59
De leider van het arrestatieteam wees naar het huis. ‘Daar is al in geen jaren meer iemand geweest. We hebben de boel van onder tot boven doorzocht en geen enkele aanwijzing gevonden dat er onlangs nog iemand is geweest. De technische recherche mag van mij alles in die woning overhoophalen, maar ik geef je op een briefje dat ze niets zullen vinden.’
Commissaris Bain knikte kortaf en keek Logan vernietigend aan. ‘Nou?’
Hoofdcommissaris Faulds kwam tussenbeide. ‘Jimmy Souter mag hier dan niet zijn, maar tóch was dit een knap staalje recherchewerk. We hebben nu een verdachte die we in verband kunnen brengen met het abattoir en een van de slachtoffers. Dat is veel meer dan we vanmorgen hadden.’
‘Maar agent Munro hebben we nog steeds niet gevonden.’
Faulds vroeg Bain of hij hem even onder vier ogen kon spreken en leidde hem buiten gehoorsafstand, terwijl de leden van het arrestatieteam net voordat het weer begon te regenen in de busjes verdwenen en wegreden.
‘Nou snap ik waarom je erover denkt om weg te gaan.’ Het was Jackie, van top tot teen gekleed in haar ninja-politieuitrusting: zwarte schoenen, zwarte broek, zwart T-shirt en een zwart steekwapenbestendig vest met een zwarte fleece trui eroverheen. ‘Eindelijk een sympathieke hoofdcommissaris.’
Logan knikte. ‘En jij gaat weer terug naar Strathclyde?’
‘Als ze me nog willen hebben na alles wat er is gebeurd…’
Ze keken naar de technisch rechercheurs die gewapend met breekijzers, houwelen en schoppen het oude huis van Souter binnenliepen, klaar om de boel af te breken.
‘Jackie… Het spijt me.’
‘Wat?’
‘Alles.’
Tegen tien over halfzes was bijna iedereen weer vertrokken naar het bureau, om uit te klokken en naar de kroeg te gaan. Alleen Logan, Faulds, de kleine, dikke Alec en de technisch rechercheurs waren er nog. En in de stromende regen stond iemand op wacht bij de deur van de woning. Die sukkel moest wel iets heel stoms hebben uitgehaald om zo'n taak toebedeeld te krijgen.
De veiligheidslampen van het abattor verlichtten de regen die als een strak gordijn vanuit de donkergrijze wolken neerdaalde op het terrein dat voor de buitenwereld aan het zicht was onttrokken door een haag van coniferen. Het rijtje zielloze, vervallen huizen rotte langzaam verder in het donker. Alleen in het huis van Souter was leven: door de smalle spleten tussen de triplex platen voor de ramen scheen licht naar buiten en je hoorde het geplof en gekraak van schoorsteenmantels die werden vernield en vloerpanelen die omhoog werden getrokken. In alle hoeken en gaten werd gezocht naar levenstekenen van agent Munro, Elizabeth Nichol en haar broer Jimmy.
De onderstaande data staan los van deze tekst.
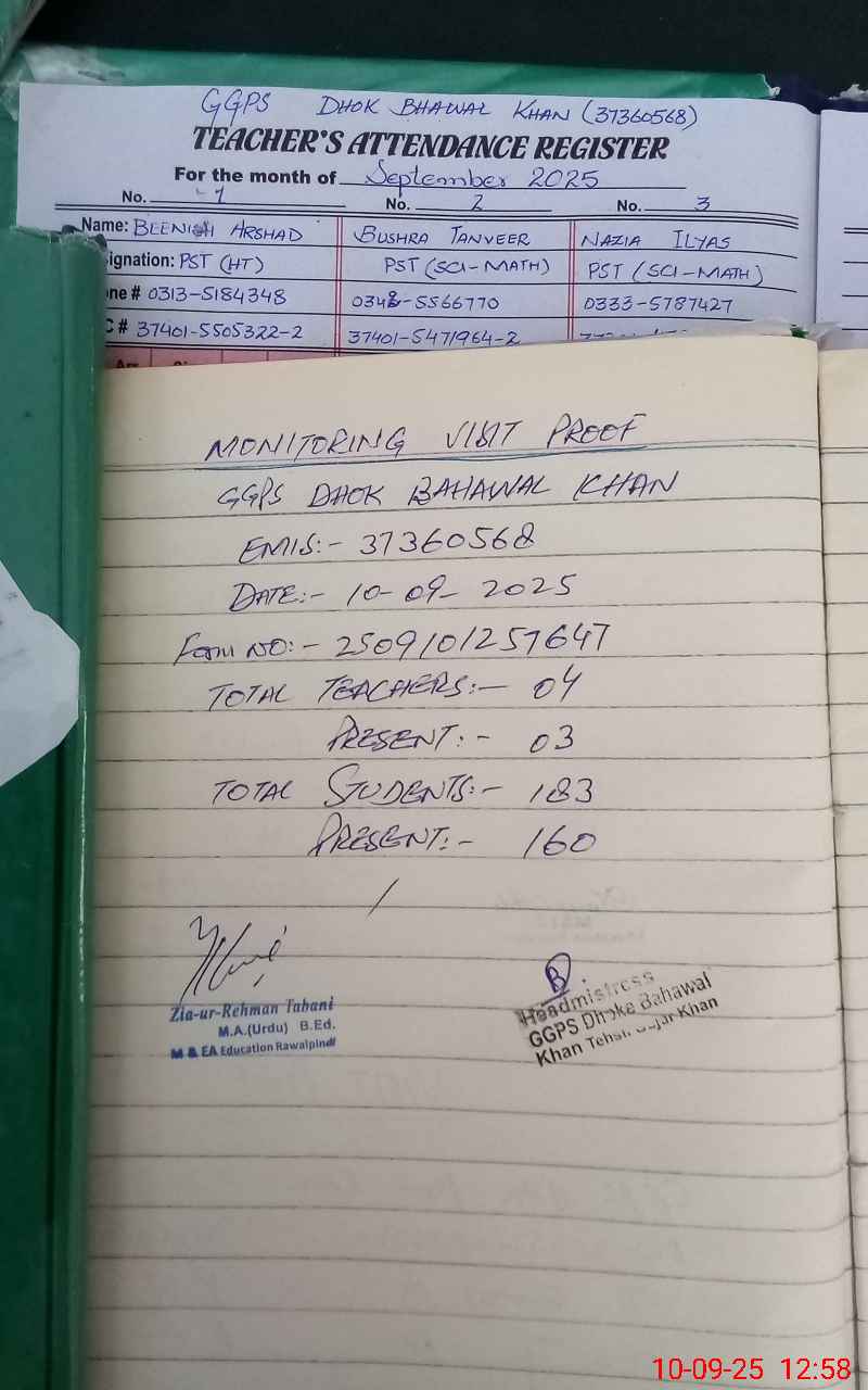 | EMIS Code: 37360568 | Name of School: GGPS DHOK BHAWAL KHAN | |||

‘En?’ vroeg Faulds, die zich naar hem omdraaide in de passagiersstoel van hun recherchewagen. ‘Heb je al een beslissing genomen?’
‘Inspecteur McRae, van de politie West-Midlands,’ zei Logan, terwijl hij zijn hand uitstak. ‘Aangenaam kennis te maken.’
Faulds glimlachte. ‘Prima. Zodra we terug zijn op het bureau zorg ik dat de papieren in orde worden gemaakt.’
Het achterportier ging open en er plofte iemand op de achterbank die duidelijk blij was dat ze weg was uit de regen. ‘Kloteweer!’ Het was Jackie, die eruitzag als een verzopen rat. Ze zette haar pet af en schudde die uit boven de vloer. ‘Het lijkt wel een zwembad buiten.’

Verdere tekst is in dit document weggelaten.